Sebarkan artikel ini
Perdana Menteri Israel Benjamin Netanyahu (kiri), dan mantan menteri urusan militernya, Yoav Gallant. (Foto: PRESSTV)

Den Haag – Para hakim Pengadilan Kriminal Internasional (ICC) telah memutuskan bahwa surat perintah penangkapan pengadilan terhadap perdana menteri rezim Israel dan mantan menteri urusan militernya akan tetap berlaku, menentang tekanan besar Israel dan Amerika.

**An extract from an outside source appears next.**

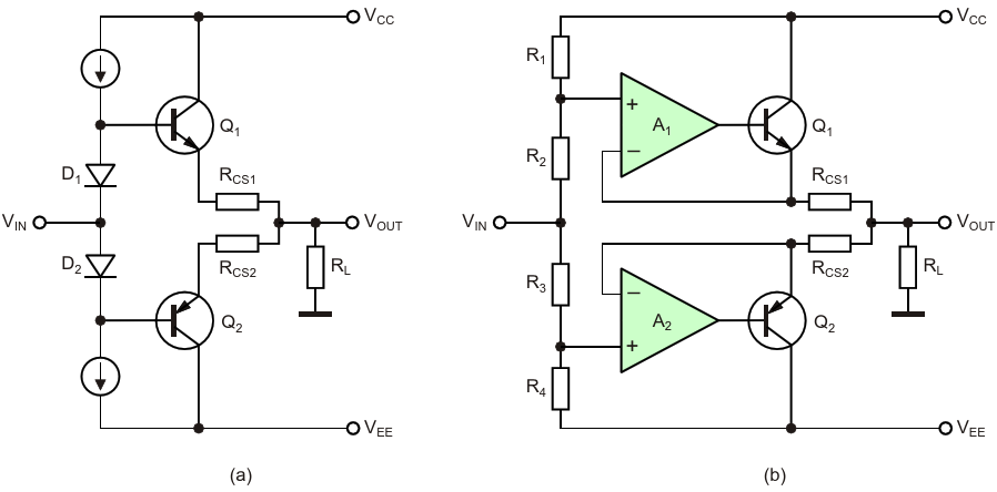 Топологии усилителя мощности с диодным смещением (а) и смещением, поддерживаемым операционными усилителями (б)

Para hakim menolak permintaan pada Rabu (16/7/2025) mengenai surat perintah yang dikeluarkan November lalu untuk Benjamin Netanyahu dan Yoav Gallant atas kejahatan perang dan kejahatan terhadap kemanusiaan di Jalur Gaza.

Perintah tersebut dikeluarkan karena tindakan keduanya menyebabkan, memperpanjang, atau memperkuat perang genosida rezim di Gaza pada Oktober 2023 hingga sekarang yang sejauh ini telah merenggut nyawa lebih dari 58.000 warga Palestina, sebagian besar wanita dan anak-anak.

Para hakim mengatakan surat perintah tersebut akan tetap aktif sementara pengadilan terus meninjau apa yang disebut keberatan rezim terhadap yurisdiksinya dalam kasus tersebut.

Mereka juga menolak permohonan Israel yang paralel untuk membekukan penyelidikan yang lebih luas terhadap kejahatan yang dilakukan di wilayah Palestina yang diduduki, menggarisbawahi penolakan pengadilan untuk menyerah pada tekanan diplomatik.

Rezim, yang telah lama menyangkal yurisdiksi pengadilan, bersikeras bahwa peperangan tersebut merupakan respons sah terhadap operasi perlawanan bersejarah pada 7 Oktober 2023 yang terjadi setelah puluhan tahun pertumpahan darah dan penghancuran yang didukung AS yang menargetkan warga Palestina.  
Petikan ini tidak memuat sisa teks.